Help needed with issues while trying fine-tune Whisper

I’m fairly new to HF but trying some intermediate stuff, but the problems fall under very basic.

I’m trying to finetune whisper multilingual models with Common Voice v13.0 language datasets to see how far I can go, it will be round-up. I have the datasets on disk and I have custom splits, so I don’t use the default HF-provided datasets. I mainly used this tutorial.

My machine is 6/12 core Windows 10x, RTX-3090, 48 GB RAM with nVME & SSD + large mechanical data disks.

I checked many other documentation but I could not find a reasonable solution to the following problems:

  1. Whenever I cast/convert the Audio field, RAM easily fills up and huge pagefiles got created. These became 120+GB size with my custom splits with ~65k training set and of course, drops the performance a lot due to disk access although nVME/SSD. Is this normal? What are my options for whisper & Audio?
  2. After the conversion I save the dataset so that in consecutive runs I can load it. The arrow files are huge, again 100GB or so… Is there a way to create a compressed version of it (I checked, it can be 8% of the original).
  3. During Trainer.train, VRAM fills with 16GB data (out of available 24GB) with 64 batch size. On the other hand, CUDA cores are not very much used at all (using FP16). Windows Task Manager shows some spikes every 10 sec or so, but it is virtually not used. After a couple of steps, it reports ~35 sec/iteration and reports ~38+ hours to complete with 31k train/10k dev size, which is way too slow. What can be the reason?

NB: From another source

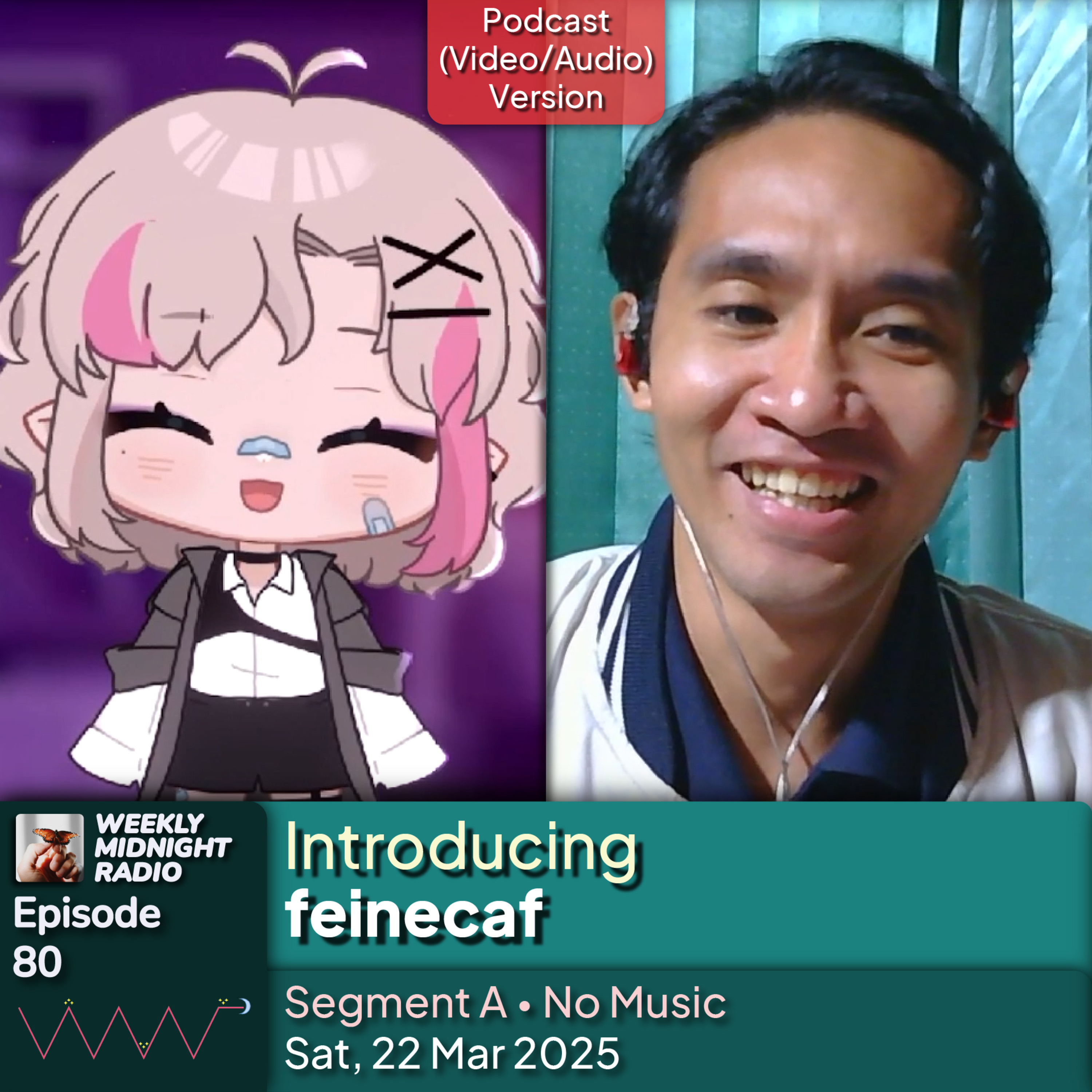 Weekly Midnight Radio is a program aired every Saturday, 9 PM to 12 AM (GMT+7), on https://twitch.tv/Adli_HM and https://www.youtube.com/@Adli_HM. This program consists of three segments, where there will be a guest star, and the purpose is to introduce/get to know more about this guest star. In this episode, the guest star is feinecaf aka fein.

Please advise where to look so that I can overcome these…
Thank you in advance.

Training arguments:

    overwrite_output_dir = True, 

    do_train  = True,
    do_eval  = True,
    evaluation_strategy = "steps",

    per_device_train_batch_size = 64,
    gradient_accumulation_steps = 4,
    per_device_eval_batch_size = 64,
    eval_accumulation_steps = 4,

    learning_rate = 1e-5,
    warmup_steps = 500,

    optim = "adamw_torch",

    save_steps = 1000,
    eval_steps = 1000,
    logging_steps = 25,
    max_steps = 4000,

    no_cuda = False,
    fp16 = True,

    gradient_checkpointing = True,
    predict_with_generate = True,
    generation_max_length = 225,

    load_best_model_at_end = True,
    metric_for_best_model = "wer",
    greater_is_better = False,

    report_to= "none",
    push_to_hub = False,

For those who have similar problems, here are some solutions I found after I posted:

  1. Very large swap: Yes, this happens. My solution is as follows:
  • I sorted the train dataset (which is the large one) by audio duration, before the conversion.
  • Calculated a “shard_size” (10-15 GB) and “shard_count”
  • I converted with batches and saved them under train/shard_NN in a subroutine
  • That way, only a part of the converted dataset is kept in memory, so the swapping issue is no more.
  1. Large disk space used: I could not find a method to compress them programmatically. Yes, I could use tarfile in the expanse of too much process time but I did not want that. During fine-tuning, after each epoch that data should be decompressed, which is too much. I also had a large drive which has a large block size, so Windows’ standard compress was also not working. So:
  • I found CompactGUI and used that on the “converted” directory, which dropped the size to ~8-12% of the original. It will be a one-time compress, and it works transparently at OS level.
  1. Low CUDA usage: I was trying the tiny model. I figured out that actually the GPU is starving. At any point, you cannot fully utilize both CPU, GPU and disk, depending on the model and your config. E.g. on larger models (small), this time CPU is not used fully. In any case the following helped a lot to feed the GPU more effectively:
  • dataloader_num_workers = psutil.cpu_count(logical=True) (12 threads in my case)